How does pre-training affect ICL?  ICL was first proposed in GPT-3, which showed that the ICL ability becomes more significant as the model size increases. Meanwhile, some studies have shown that small PLMs can also exhibit strong ICL capabilities with specially designed training tasks (eg, learning to predict labels given task examples and queries as input), possibly even surpassing larger models. This shows that the design of training tasks is an important factor affecting the ability of large language model ICL. In addition to training tasks, recent studies also investigate the relationship between ICL and pre-training corpora. It has been shown that the performance of ICL depends heavily on the source of the pre-training corpus rather than the size. Another study "Data distributional properties drive emergent in-context learning in transformers" provides an in-depth analysis of the impact of training data distribution. They found that ICL occurs when the training data can be clustered into many infrequent classes, rather than being uniformly distributed. Furthermore, the authors in "An explanation of in-context learning as implicit bayesian inference" theoretically explain ICL as a product of pre-training on documents that exhibit long-range coherence.

How do large language models perform ICL ? During the inference phase, researchers focus on analyzing how the ICL functions behave based on a given demonstration, since no explicit learning or updating is involved. They usually analyze from the perspective of gradient descent and regard ICL as implicit fine-tuning. Under this framework, the ICL process can be explained as follows: a large language model generates meta-gradients with respect to presentations via forward computation, and implicitly performs gradient descent via an attention mechanism. Experiments also show that some attention heads in large language models are able to perform task-independent atomic operations (e.g., copy and prefix matching), which is closely related to ICL capabilities. In order to further explore the working mechanism of ICL, some studies abstract ICL as an algorithmic learning process. Specifically, the authors in "What learning algorithm is in-context learning? investigations with linear models" found that large language models essentially encode implicit models through their parameters during pre-training. With examples provided in ICL, large language models can implement learning algorithms such as gradient descent or directly compute closed-form solutions to update these models during forward computation. Under this explanatory framework, it has been shown that large language models can effectively learn simple linear functions and even some complex functions such as decision trees with ICL.

Chain-of-Thought Prompting

Chain of Thought (CoT) is an improved hinting strategy that improves the performance of large language models on complex reasoning tasks, such as arithmetic reasoning, commonsense reasoning, and symbolic reasoning. Rather than simply constructing hints from input-output pairs as in ICL, CoT incorporates intermediate reasoning steps that lead to final outputs into hints. In the following, we detail the use of CoT with ICL and discuss when and why CoT cues are useful.

Context Learning with CoT

Generally, CoT can be used with ICL in two main settings, the few-shot and zero-shot settings, as described below.

Small sample CoT . Few-shot CoT is a special case of ICL, which augments the input, output of each demonstration into input, CoT, output by combining CoT inference steps. To apply this strategy, we next discuss two key issues, namely, how to design appropriate CoT hints, and how to utilize the generated CoT to obtain the final answer.

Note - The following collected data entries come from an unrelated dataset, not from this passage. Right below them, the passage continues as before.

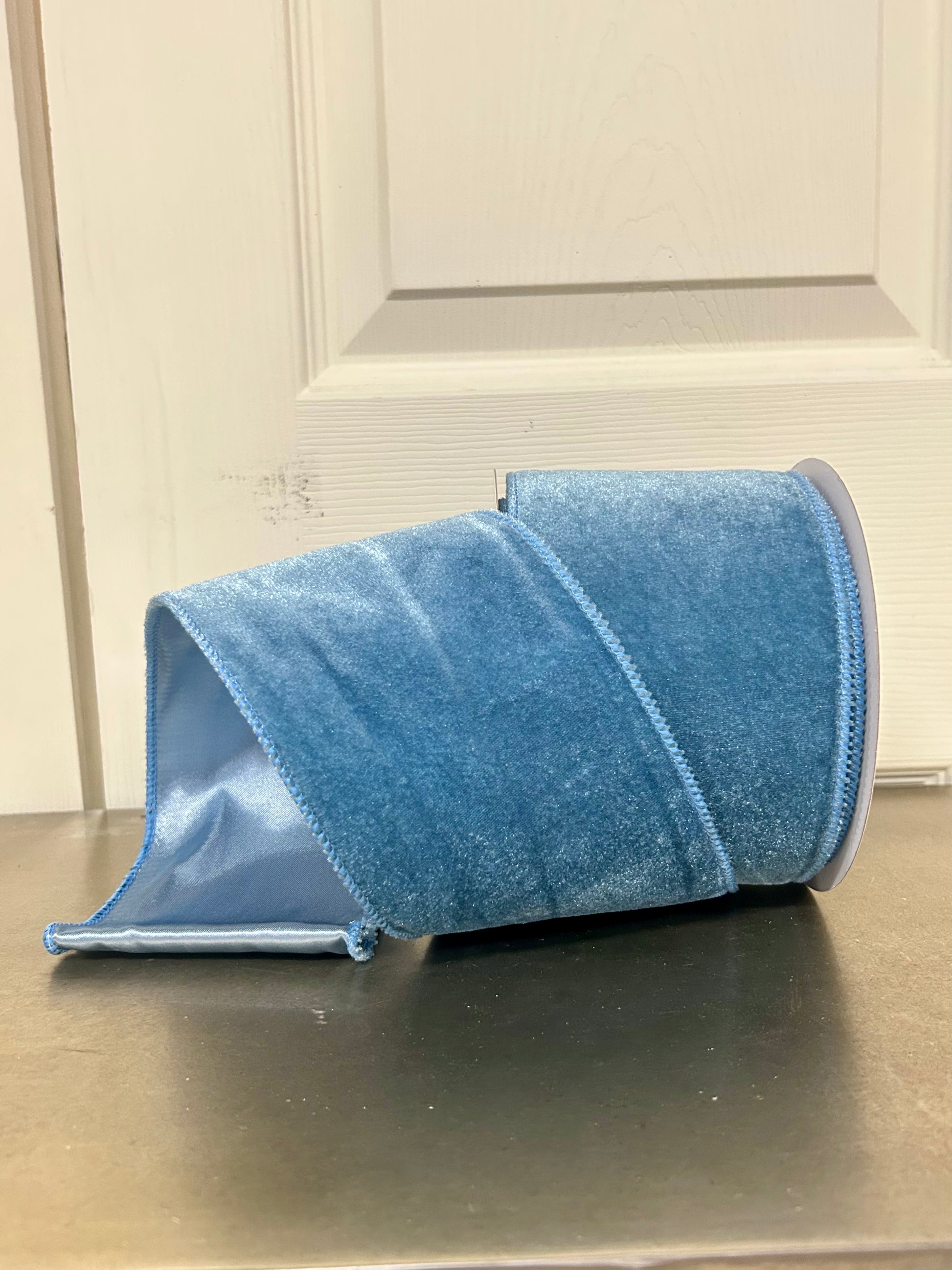 4 Inch By 10 Yard Smoke Blue Deluxe Velvet With Satin Backing Ribbon
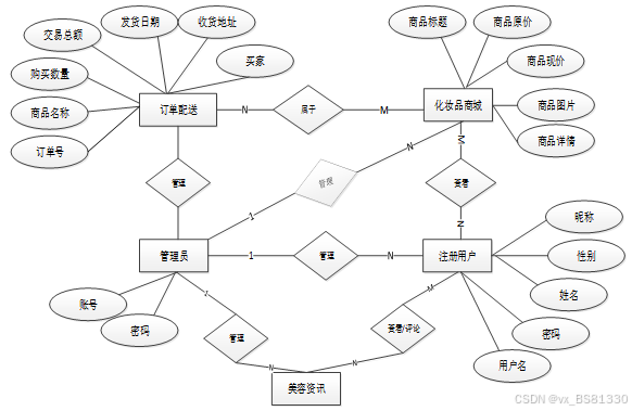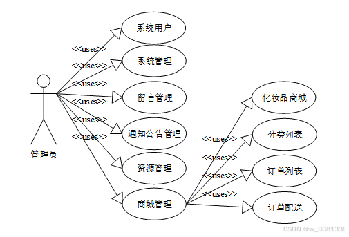 后台管理上的管理员是维护整个“鹤倦”化妆品网站平台中所有数据信息的,管理员角色用例如图2-2所示。
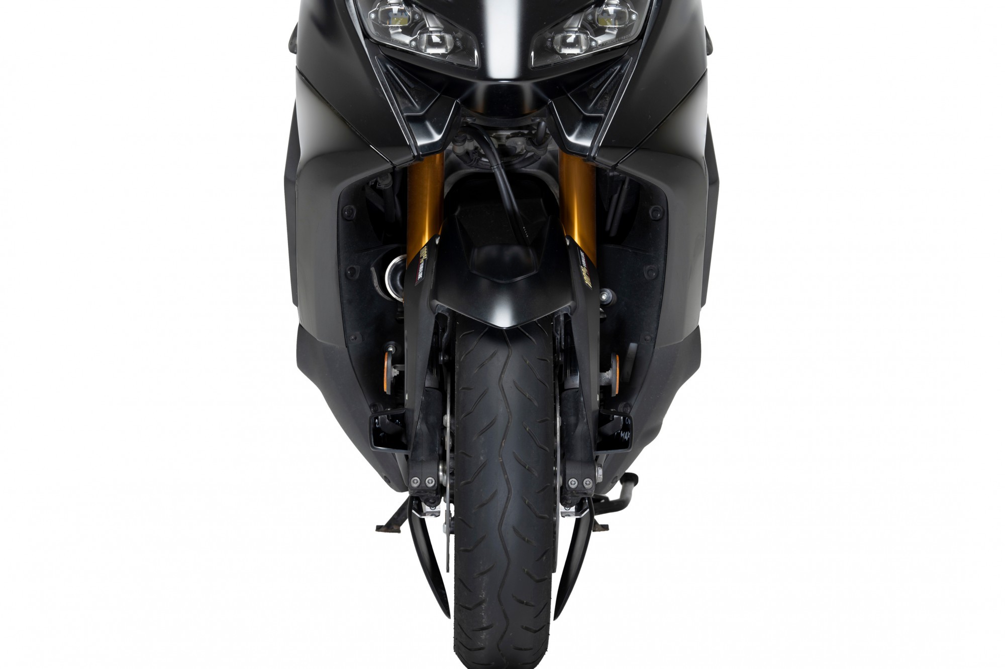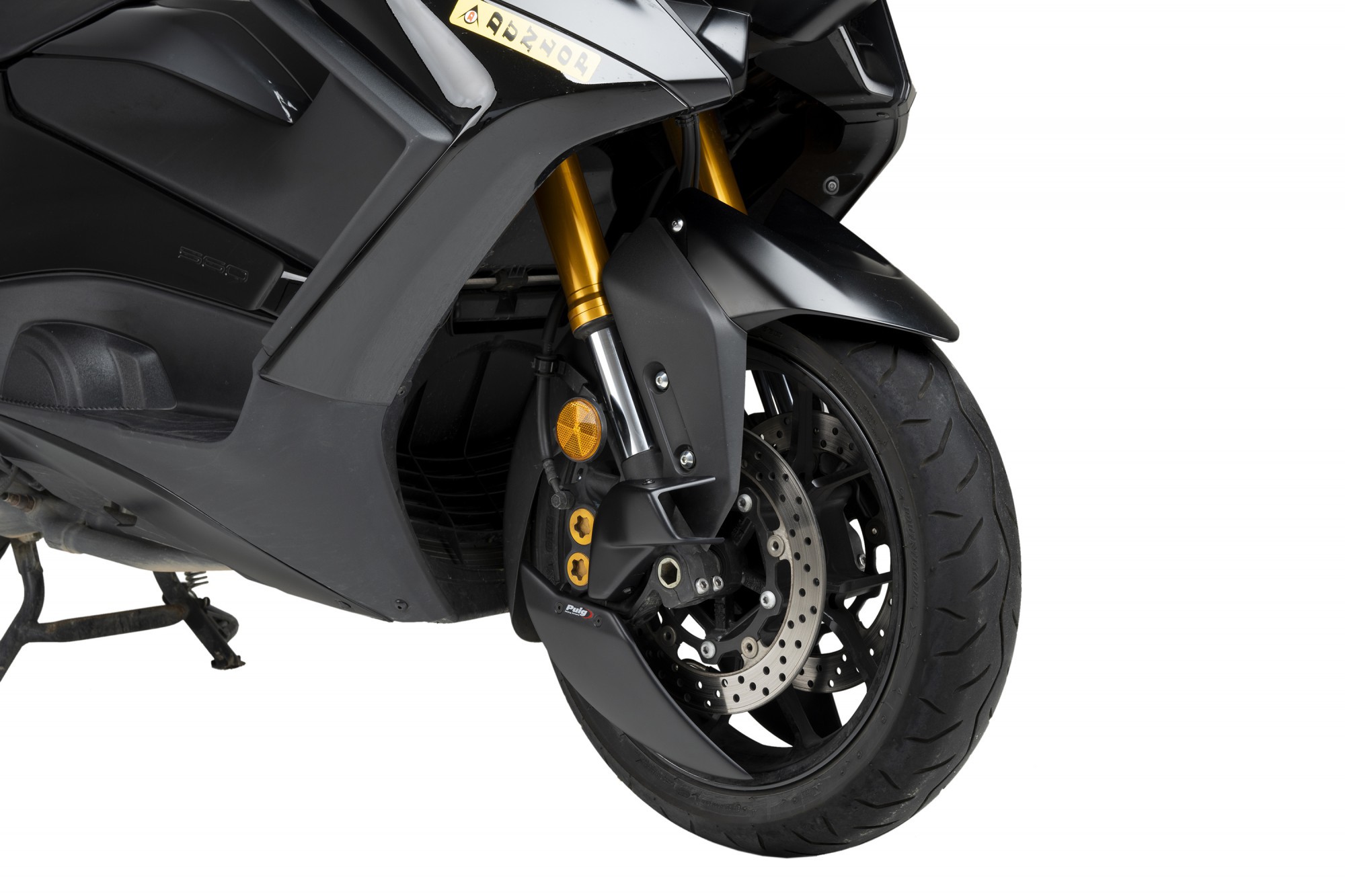 Chłodnica nadaje sportowy, spersonalizowy wygląd motocykla, poprawia wydajność hamowania i zmniejsza turbulencje przy przednim kole, tworząc częściową osłonę koła./p>
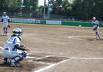 「切り替えていきなさい」。大國監督は坂田那己子投手と藤原未来選手のバッテリーにそう告げたが、踏ん張りきることができなかった。坂田投手は次打者をストレートの四球で出し、再び満塁としてしまう。ここでシオノギ製薬が満を持して送った代打の切り札に、2点タイムリーを打たれ、同点とされてしまった。

CoT prompt design . Designing proper CoT hints is crucial to effectively mobilize the complex reasoning ability of large language models. As a straightforward approach, it shows that using different CoTs (i.e., multiple inference paths per question) can effectively improve their performance. Another intuitive idea is that cues with more complex reasoning paths are more likely to elicit reasoning capabilities of large language models, which can lead to higher accuracy in generating correct answers. However, both methods rely on annotated CoT datasets, which limits their use in practice. To overcome this limitation, AutoCoT proposes to utilize Zero-shot-CoT to generate CoT inference paths by specially hinting large language models, thereby eliminating manual work. To improve performance, Auto-CoT further divides the questions in the training set into different clusters, and then selects the question closest to the centroid of each cluster, which should represent the questions in the training set well. While the few-shot CoT can be considered a special case of hinting in ICL, the ordering of demos seems to have a relatively small impact compared to standard hinting in ICL: reordering demos only leads to a performance change of less than 2% most tasks.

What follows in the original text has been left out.